There are the makings of an interesting thesis here. Most traditional accounts of the mufti’s historical role hold that, through his rigid maximalism and refusal to compromise with the Zionists, he made the creation of an independent Palestinian homeland impossible. Dalin and Rothmann imply that, although the mufti may indeed have lost the battle for Palestine, he posthumously won the war for Muslim hearts and minds, and fatally envenomed the region in the process.

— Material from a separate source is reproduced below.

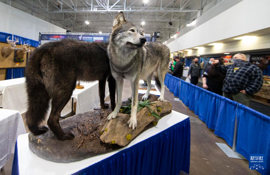 3月17日,观众在加拿大米西索加举行的多伦多户外运动展上观看动物标本。 新华社发(邹峥 摄)

No matter how many times the life of Haj Amin al-Husseini is recounted, it cannot fail to startle. In the 1920’s, as Dalin and Rothmann relate, this vicious sectarian was empowered as the leading Islamic cleric in the British Mandate of Palestine by none other than High Commissioner Herbert Samuel, a Zionist who had foolishly taken the advice of virulently anti-Zionist, if not anti-Semitic, consular officials. A rabble-rousing demagogue, the mufti proceeded to issue the inflammatory and entirely untrue declaration that the mosques of Jerusalem were “in peril” from the Jews, thereby inciting a series of bloody Arab riots. As a Jew-hating conspiracy theorist, he would in due course make common cause with the Nazis, spending much of World War II in Berlin from where he broadcast incendiary materials to the Arab World and recruited Bosnian and Croatian Muslims for the SS. A sworn enemy of the Hashemite ruling family of Jordan, he became the motive force behind the murder in 1951 of Jordan’s King Abdullah; he had already been responsible for the murder of many fellow Palestinians. Throughout, he did incalculable damage and no good whatsoever.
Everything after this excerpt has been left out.